Your task: Return the whole listing, line for line, without the pictures in it.

Data segment:
•••••
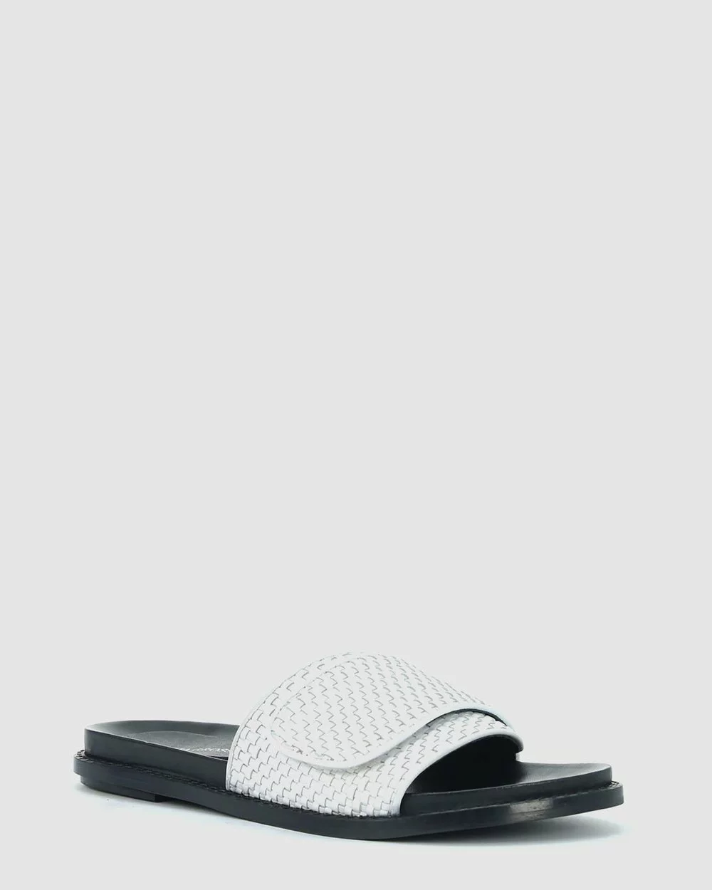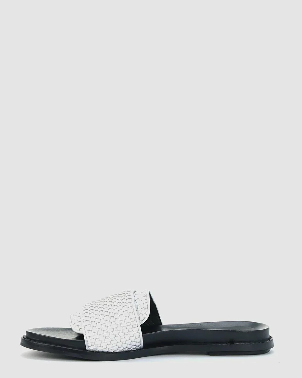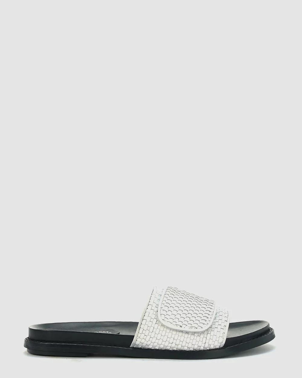 – 100% leather slide- Woven upper- Luxuriously soft and flexible footbed- Smart and edgy simple strap Heel Height: 25mmInner: LeatherSole: LeatherUpper: Leather
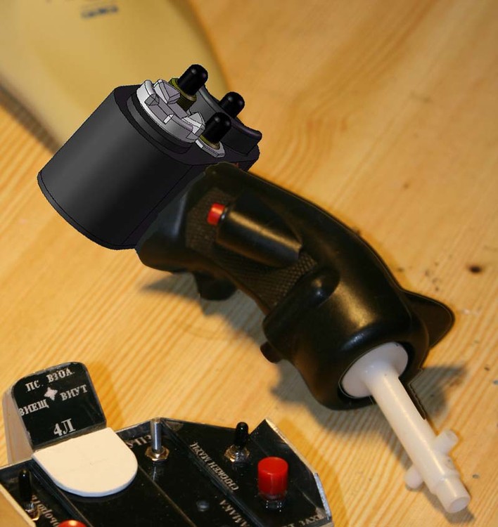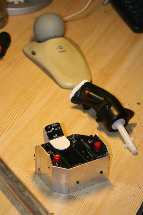 Cyclick Stick This is how I plan my Cyclic stick to work.. Quite simple once you have the handle to hack.. But the triggers are giving me a headache already.. The box will look like this: [ATTACH]247[/ATTACH] And stuck ontop of my already hacked old Thrustmaster I plan to achieve a result looking like this: [ATTACH]246[/ATTACH] Whish me luck guys..! Anyone got some detailed pics of the trigger mechanism out there..? It shure wuold help me a lot if I had that..?:helpsmilie: -
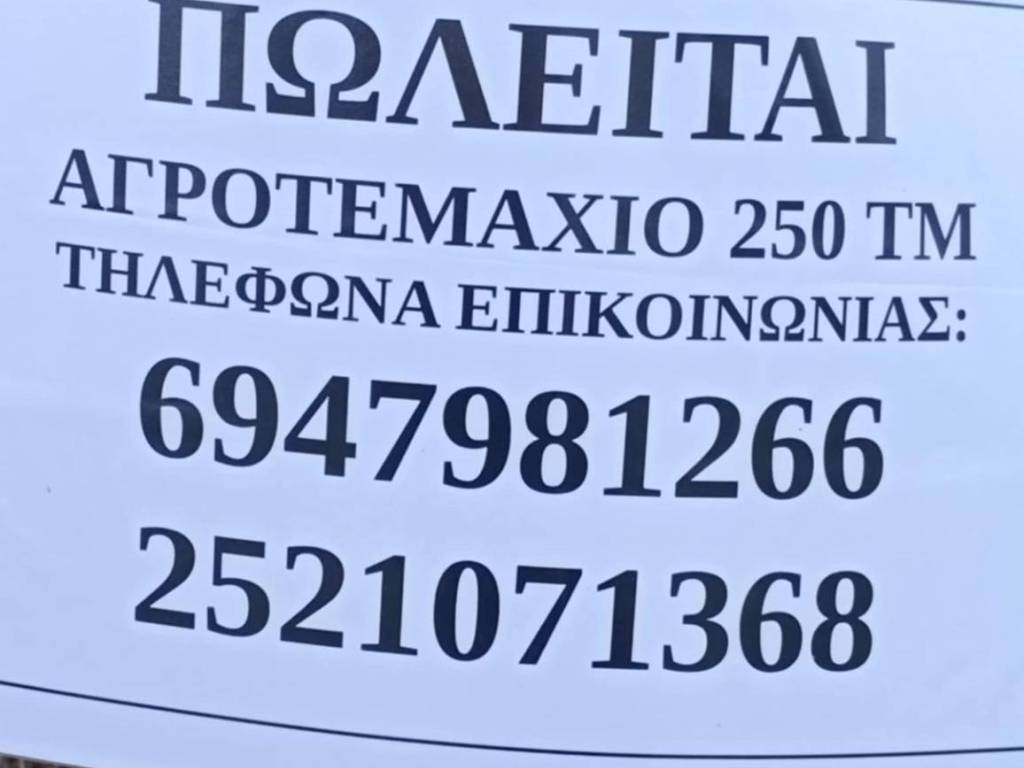 Πρόκειται για 250 τ.μ σε αγροτεμάχιο εξ αδιαιρέτου. Οι συντεταγμένες του αγροτεμαχίου είναι οι εξής: X: 421209.094 και Y:4463279.412 και η διεύθυνση Φιλίππου και Μακεδονίας όπως φαίνεται και στις φωτογραφίες. Περισσότερες πληροφορίες μπορούν να δοθούν τηλεφωνικά.
•••••
Result:
 – 100% leather slide- Woven upper- Luxuriously soft and flexible footbed- Smart and edgy simple strap Heel Height: 25mmInner: LeatherSole: LeatherUpper: Leather
 Cyclick Stick This is how I plan my Cyclic stick to work.. Quite simple once you have the handle to hack.. But the triggers are giving me a headache already.. The box will look like this: [ATTACH]247[/ATTACH] And stuck ontop of my already hacked old Thrustmaster I plan to achieve a result looking like this: [ATTACH]246[/ATTACH] Whish me luck guys..! Anyone got some detailed pics of the trigger mechanism out there..? It shure wuold help me a lot if I had that..?:helpsmilie: -
 Πρόκειται για 250 τ.μ σε αγροτεμάχιο εξ αδιαιρέτου. Οι συντεταγμένες του αγροτεμαχίου είναι οι εξής: X: 421209.094 και Y:4463279.412 και η διεύθυνση Φιλίππου και Μακεδονίας όπως φαίνεται και στις φωτογραφίες. Περισσότερες πληροφορίες μπορούν να δοθούν τηλεφωνικά.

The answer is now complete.